:: DATASET EXCERPT

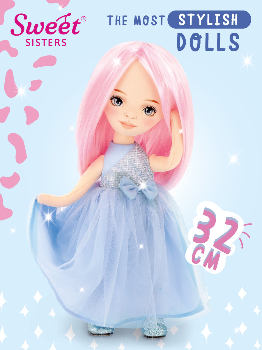 Billie într-o rochie albastră de satin – Păpușă de Pluș Premium Sweet Sisters (32 cm)
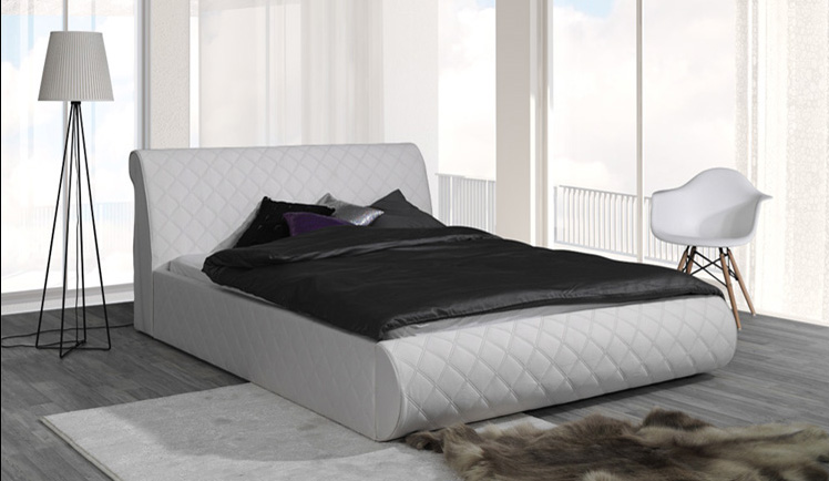 Cama doble en cuero blanca enteriza (Accesorios no incluidos)
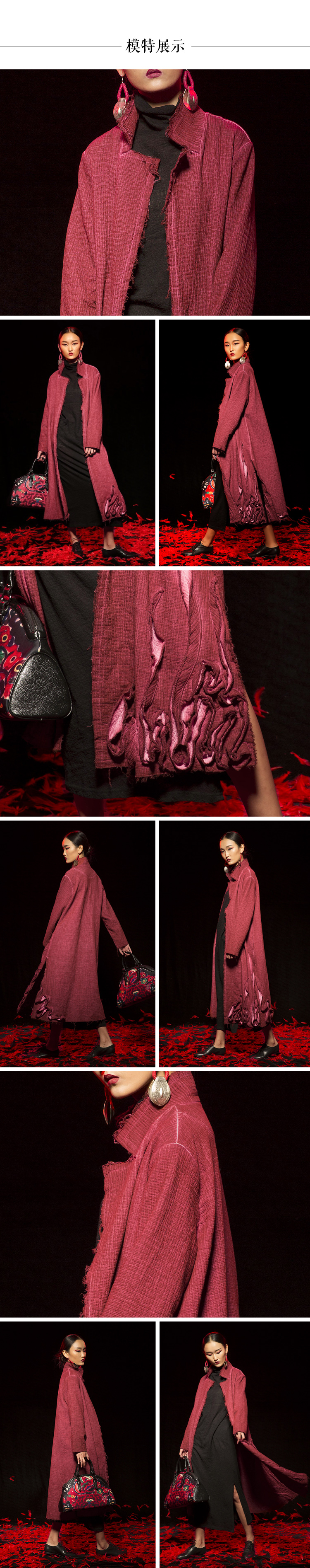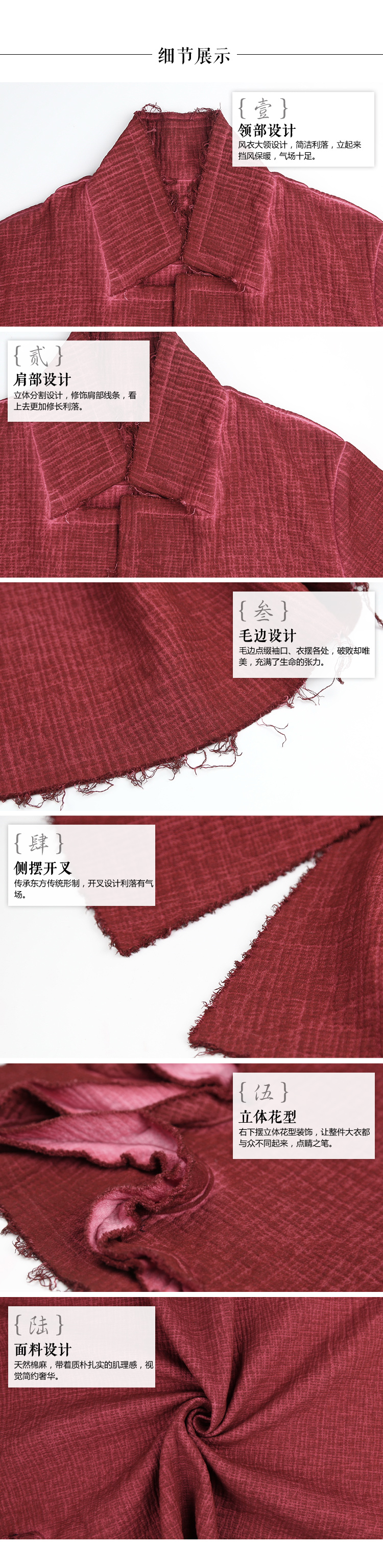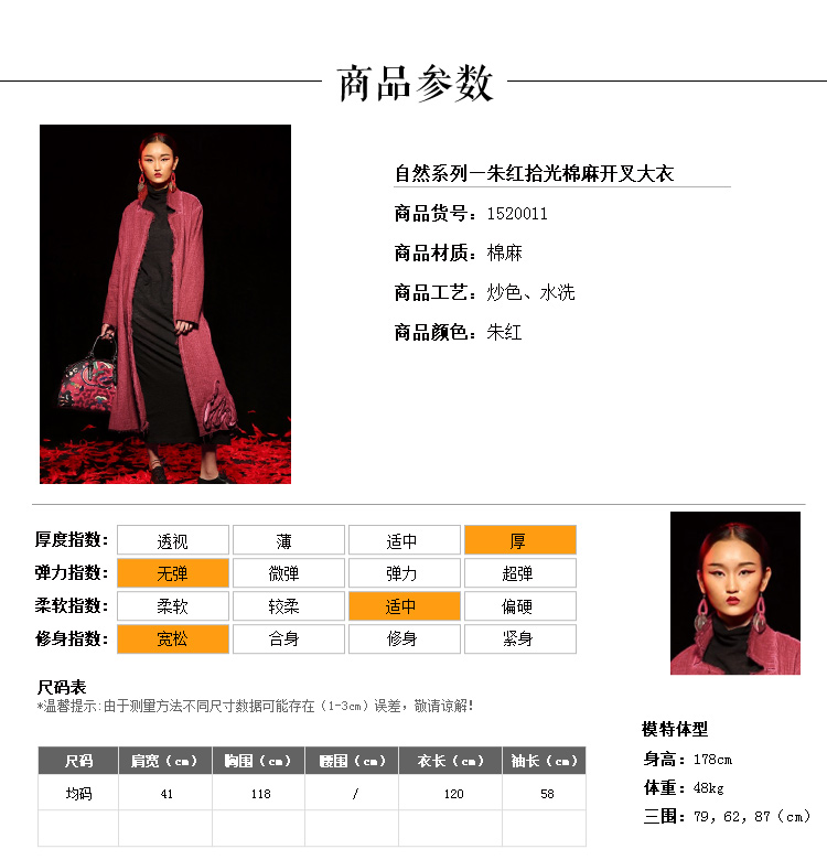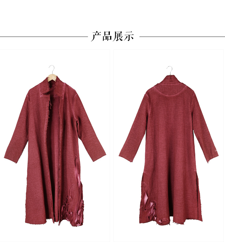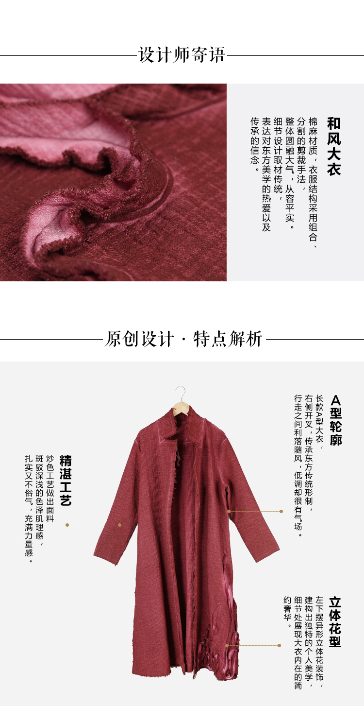 【朱红拾光棉麻开叉大衣】

::::

● REQUIRED ACTION
Exactly the lines from the one containing "Cama doble en" through the last line of the material above, both included and free of pictures, should make up your answer, please.

● SOLVED PROBLEM
 Cama doble en cuero blanca enteriza (Accesorios no incluidos)
 【朱红拾光棉麻开叉大衣】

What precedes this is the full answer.